We normally think of hearing loss as something that advances slowly. It can be difficult to detect the symptoms due to this. (After all, you’re simply turning up the volume on your TV now and then, it’s nothing to be concerned about, right?) Sometimes that’s true but in some cases, it isn’t. It turns out hearing loss can also happen suddenly and without much warning.
When our health suddenly changes, it tends to get our attention (one might even describe the emotion as “alarm”). For instance, if your hair falls out a little bit at a time, it’s no big deal, you’re just going bald! But if all of your hair fell out overnight, you would likely feel obliged to schedule a doctor’s appointment as soon as you can (and rightfully so).
When you suddenly lose your ability to hear, it’s the same thing. There are some very good reasons why acting quickly is a smart plan!

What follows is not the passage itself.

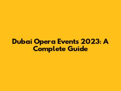 Dubai Opera Events 2023: A Complete Guide

Sudden hearing loss – what is it?
Sudden hearing loss (sometimes known as sudden deafness or sudden sensorineural hearing loss, or simply SSHL for short) isn’t typically as prevalent as the longer-term type of hearing loss most individuals experience. But it’s not really uncommon for individuals to experience sudden hearing loss. Each year, 1 in 5000 people experience SSHL.

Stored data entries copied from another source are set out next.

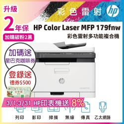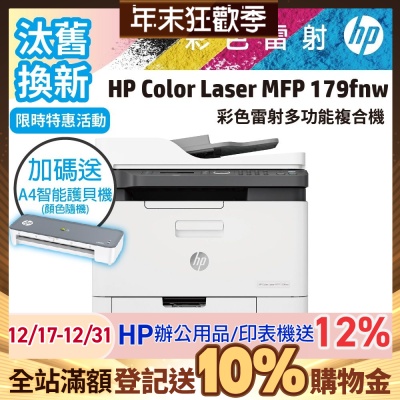 HP Color Laser MFP 179fnw 彩色雷射複合機(取代M183fw)《加碼再送咖啡券+登錄送500禮券》$13,990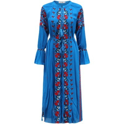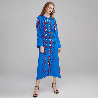 Women Dresses Bohemian Fashion Embroidered Floral V-neck Dress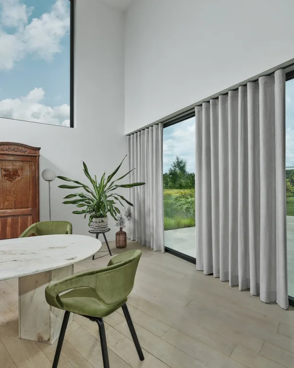 Pour choisir le tissu ou la couleur des rideaux, il faut tenir compte de la quantité de lumière dont vous avez besoin ou que vous souhaitez avoir dans la pièce. Chez Aanhuis.be, nous proposons des rideaux plus épais, également appelés rideaux occultants. Ils sont idéaux pour la chambre à coucher afin de la rendre plus sombre. Nous avons également des entre-deux et des rideaux à filet. Avec les inbetweens, le tissu est semi-transparent. Vous ne pouvez pas voir clairement à travers, ce qui est possible avec les rideaux à mailles. Les inbetweens sont parfaits pour votre salon. Ils vous offrent toujours l'atmosphère, la chaleur et l'intimité dont vous avez besoin. Les rideaux en filet sont magnifiques en combinaison avec la décoration des fenêtres.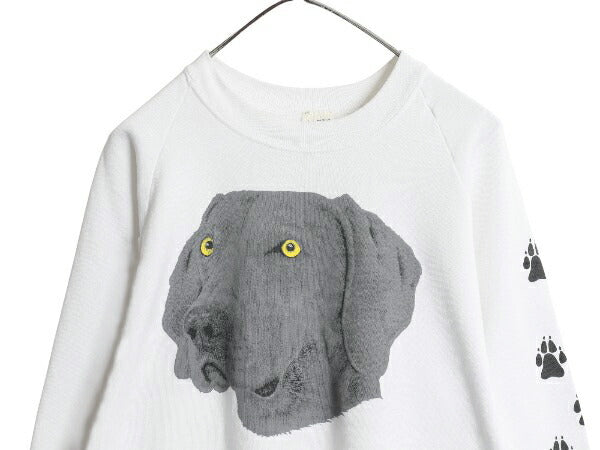 80s USA製 ドッグ アート イラスト プリント スウェット メンズ レディース L 小さめ M / ヴィンテージ アニマル 犬 トレーナー 裏起毛 白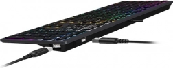Praktiske 2× indbyggede USB-porte kan bruges til tilslutning af periferiudstyr eller hurtig opladning af enheder. Lavprofilerede “chocolate”-taster og ultratyndt chassis giver behagelig skrivning selv i mange timer.

Here are some symptoms of sudden hearing loss:
- 30dB or greater of hearing loss. That is, the world sounds 30dB quieter from whatever your earlier baseline had been. You’ll definitely notice the difference, but you will need our help to measure it.

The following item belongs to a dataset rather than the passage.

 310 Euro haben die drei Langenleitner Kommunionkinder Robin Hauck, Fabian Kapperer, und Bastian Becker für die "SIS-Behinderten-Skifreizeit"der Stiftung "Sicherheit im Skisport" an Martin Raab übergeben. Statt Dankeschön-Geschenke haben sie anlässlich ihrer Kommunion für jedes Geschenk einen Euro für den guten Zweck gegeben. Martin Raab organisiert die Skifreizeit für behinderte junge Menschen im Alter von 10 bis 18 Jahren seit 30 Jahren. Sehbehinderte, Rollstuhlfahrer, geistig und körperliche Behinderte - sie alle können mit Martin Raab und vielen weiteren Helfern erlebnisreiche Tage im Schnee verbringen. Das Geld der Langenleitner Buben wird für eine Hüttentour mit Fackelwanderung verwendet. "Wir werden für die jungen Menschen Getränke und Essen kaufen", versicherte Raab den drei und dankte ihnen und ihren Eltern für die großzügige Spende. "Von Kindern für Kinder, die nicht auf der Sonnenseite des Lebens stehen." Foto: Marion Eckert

- A loud “popping” sound sometimes occurs right before sudden hearing loss. But that only happens sometimes. SSHL isn’t always coupled with this popping noise.
- Sudden hearing loss will affect only one ear in 9 of 10 cases. That said, it is possible for SSHL to affect both ears.
- It may seem as if your ear is plugged up. Or, in some instances, a ringing or buzzing in the ear.
- As the name indicates, sudden deafness typically occurs quickly. Sudden hearing loss develops within a few days or even within a few hours. In most instances, the individual will wake up and their hearing will be suddenly impaired. Or, perhaps they’re unable to hear what the other person is saying on the other end of a phone call suddenly.
So, is sudden hearing loss permanent? Well, about half of everybody who experiences SSHL will get better within a couple of weeks. But prompt treatment is a significant key to success. So you will need to come see us for treatment right away. You should make an appointment within 72 hours of the start of your symptoms.
In most cases, it’s a good idea to treat sudden hearing loss as a medical emergency. The longer you wait, the higher your chance of sudden hearing loss becoming irreversible.
What’s the cause of sudden hearing loss?
Some of the top causes of sudden hearing loss include the following:
- Genetic predisposition: Genetic predisposition can sometimes be responsible for sudden hearing loss.
- Autoimmune disease: Your immune system can, in some instances, start to view your inner ear as a threat. This kind of autoimmune disease can easily lead to SSHL.
- Illnesses: Diseases like mumps, measles, meningitis, and multiple sclerosis have all been known to cause SSHL, for significantly different reasons. So if a disease has a vaccine, it’s a smart idea to get immunized.
- Reaction to pain medication: Your risk of developing sudden hearing loss is increased by excessive use of opioids.
- A reaction to drugs: Common medications like aspirin are included in this list. Typically, this also includes cisplatin, quinine, or streptomycin and gentamicin (the last two of which are antibiotics.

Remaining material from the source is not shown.